Captain Forstl had trained himself well in the covert techniques of tradecraft. He lingered in front of Rozet’s a moment longer, and then made his way along the Kohlmarkt to its intersection with Graben. Here it was all bustle and activity, with fiakers carrying passengers, the carriage tops down in the mild evening air, the horses’ hooves clopping against the cobbles. Shops were closing and people were heading home or to their favorite café or gasthaus. Handsome women in full-skirted silk dresses carried parasols, though the sun was already slowly setting. Some few younger women wore less formal clothing, dresses that seemed to cling to their bodies. A few of the men on the sidewalks wore boaters, though it was still a month until summer.

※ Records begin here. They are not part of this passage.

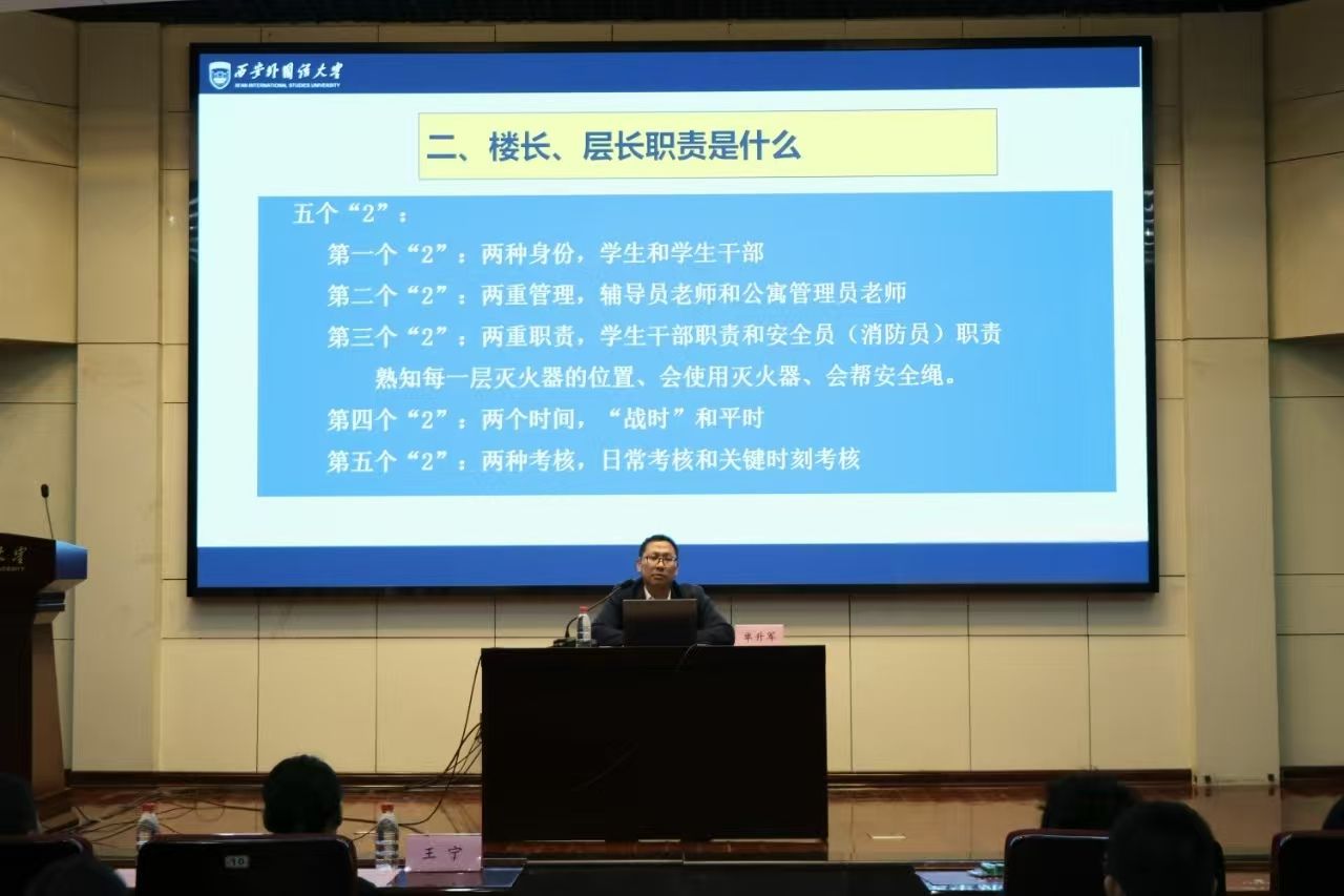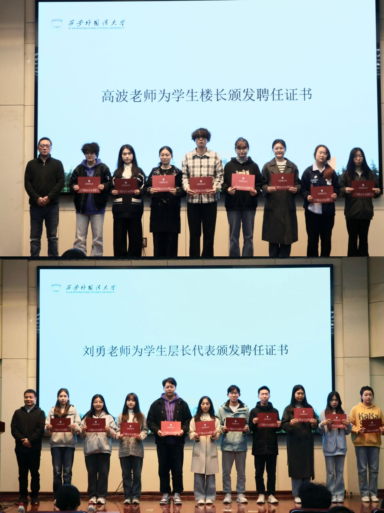 会议伊始,杨小江宣读《关于聘任贾晨曦等143名同学为西安外国语大学学生公寓楼长、层长的决定》。随后,学生公寓中心负责人高波为学生楼长颁发聘任证书,校宿管会指导老师刘勇为学生层长代表颁发聘书,全体受聘同学接过聘书,正式肩负起宿舍管理与服务的责任。
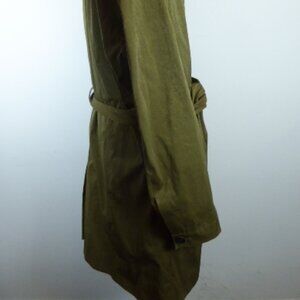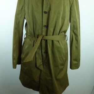 NEW WITH TAGS DIESEL BLACK GOLD TRENCH COAT/ LONG COAT..SIZE I54..About a medium to large(use measurements for fit)..made in Italy..retail $1150..nylon faux leather (sueded) with polyester quilted zip out lining..this is a olive brown tone..classic trench!
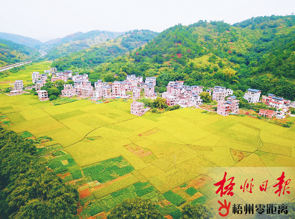 10月25日,龙圩区龙圩镇大恩村成熟的水稻一片金黄,与不远处经过乡村环境治理后的楼房相互映衬。梁金勇 龙海悦 摄
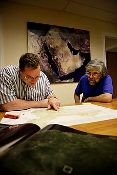 A Couple of IScience Employees Going Over Maps of China-Ann Arbor
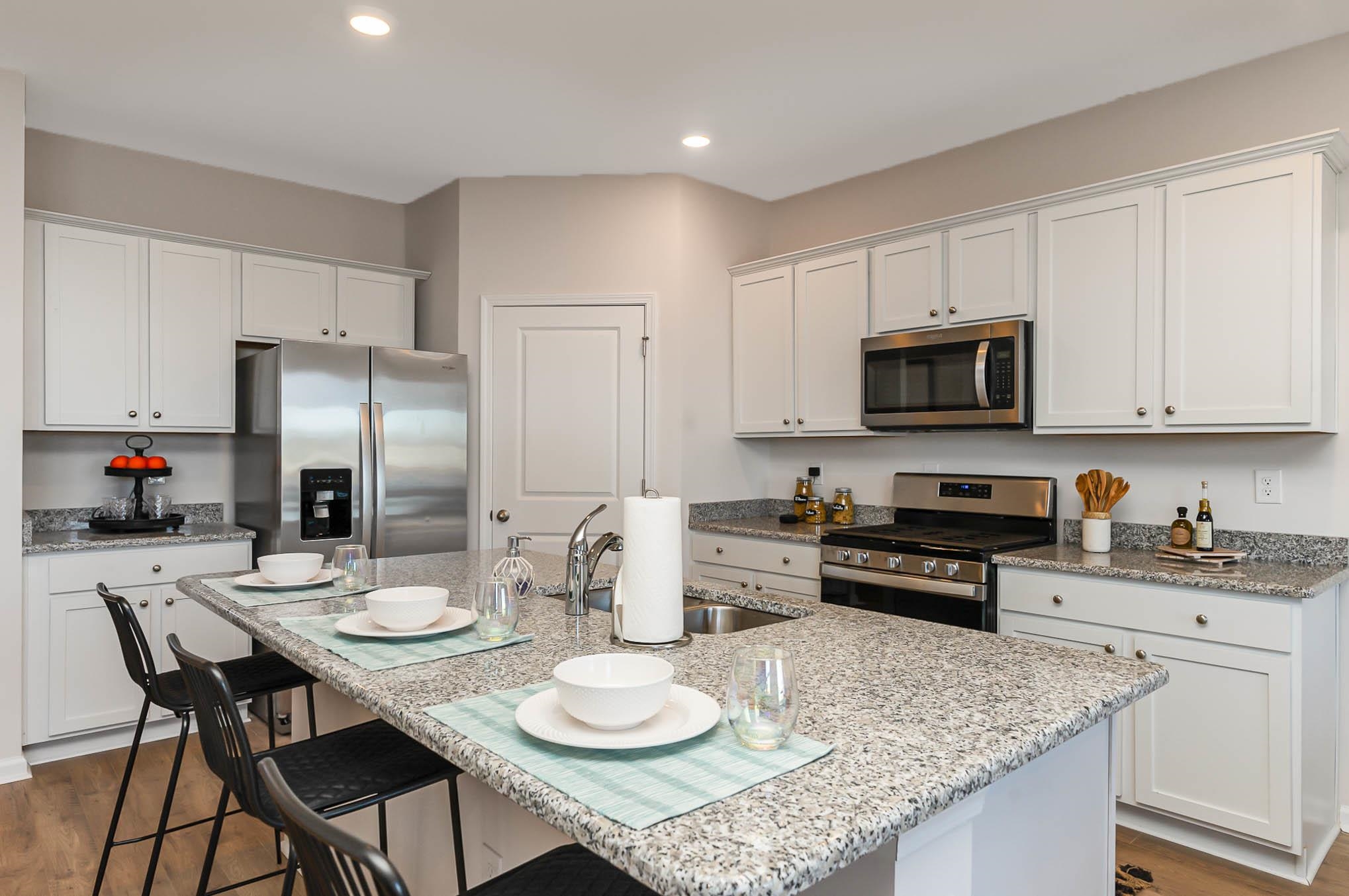 *5 bedroom, 3.5 bath *9 ft ceilings primary floor *Open layout kitchen, dining room and living room *Flex room that could be used as a den, study or formal dining room *Upstairs living area/loft *First floor primary suite with walk in closet, separate linen closet, double vanity, and 5' shower *Kitchen features granite countertops, a tiled backsplash, a large island, stainless steel appliances including a refrigerator, and a large corner walk in pantry *4 secondary bedrooms and 2 full bathrooms on second level. *Covered back porch *Home is Connected *Quicktie Framing System *Deako Lighting Switches *Builder Warranty *This is America's Smart Home! Each of our homes comes with an industry leading smart home technology package that will allow you to control the thermostat, front door light and lock, and video doorbell from your smartphone. *Photos are of a similar Elle home. Pictures, photographs, colors, features, and sizes are for illustration purposes only and will vary from the homes as built. Home and community information, including pricing, included features, terms, availability and amenities, are subject to change and prior sale at any time without notice or obligation. Square footage dimensions are approximate. Equal housing opportunity builder.
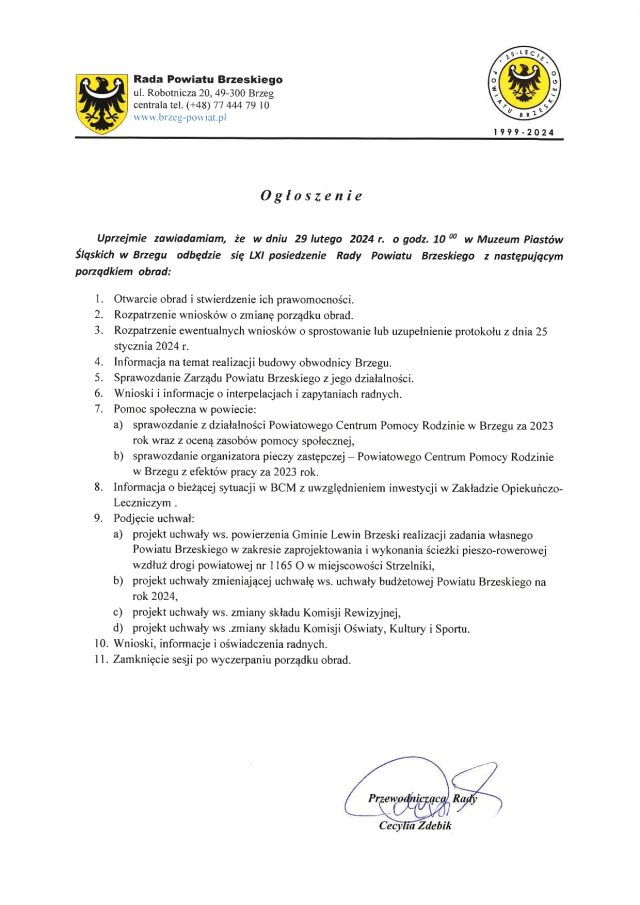 Brzeg, dnia 06.03.2024 r. Ogłoszenie o wyborze ofert Zarząd Powiatu Brzeskiego informuje, że został rozstrzygnięty otwarty konkurs ofert na rok 2024 na realizację zadań publicznych przez organizacje pozarządowe oraz inne podmioty wymienione w art. 3 ust. 3 ustawy z dnia 24 kwietnia 2003 r. o działalności pożytku publicznego i o wolontariacie (Dz. U. z 2023…
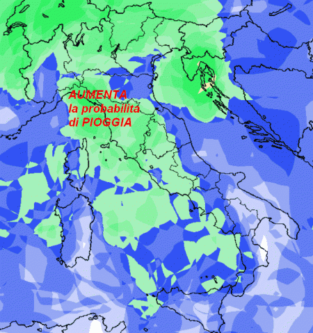 Probabilità di pioggia in aumento dove vedere il colore verde; resterà invece bassa la medesima probabilità nelle aree colorate in blu.

Forstl wore a more conservative bowler. There was the smell of horse dung, coffee and perfume all mixed together on the Graben: a heady mixture that for Captain Forstl never failed to evoke the metropolis.

Graben soon intersected with Kaertnerstrasse, where he turned right, lingering for a moment in front of Lobmeyr’s to inspect the crystal and check once again for any followers. Then he made his way through a warren of small First District lanes, ducking into two different churches and quickly back out again by the same entrance, before he finally emerged on to the broad Ringstrasse at Park Ring. He crossed the thoroughfare and went into the Stadtpark, past the large pond and on to the quiet area around the Schubert Memorial where the meeting was scheduled.

Much simpler than their initial meeting. Then Forstl had been led a merry chase up and down the Vienna Woods at Mödling, following the hand-drawn map of an anonymous correspondent who had sent Forstl a letter threatening to expose him for certain irregularities. And those he had to keep secret at all costs.

That day had been foggy, and Schmidt had appeared suddenly out of the mist as if a phantom materializing in front of Forstl’s very eyes. One moment Forstl was alone in the woods, the next he was joined by a specter.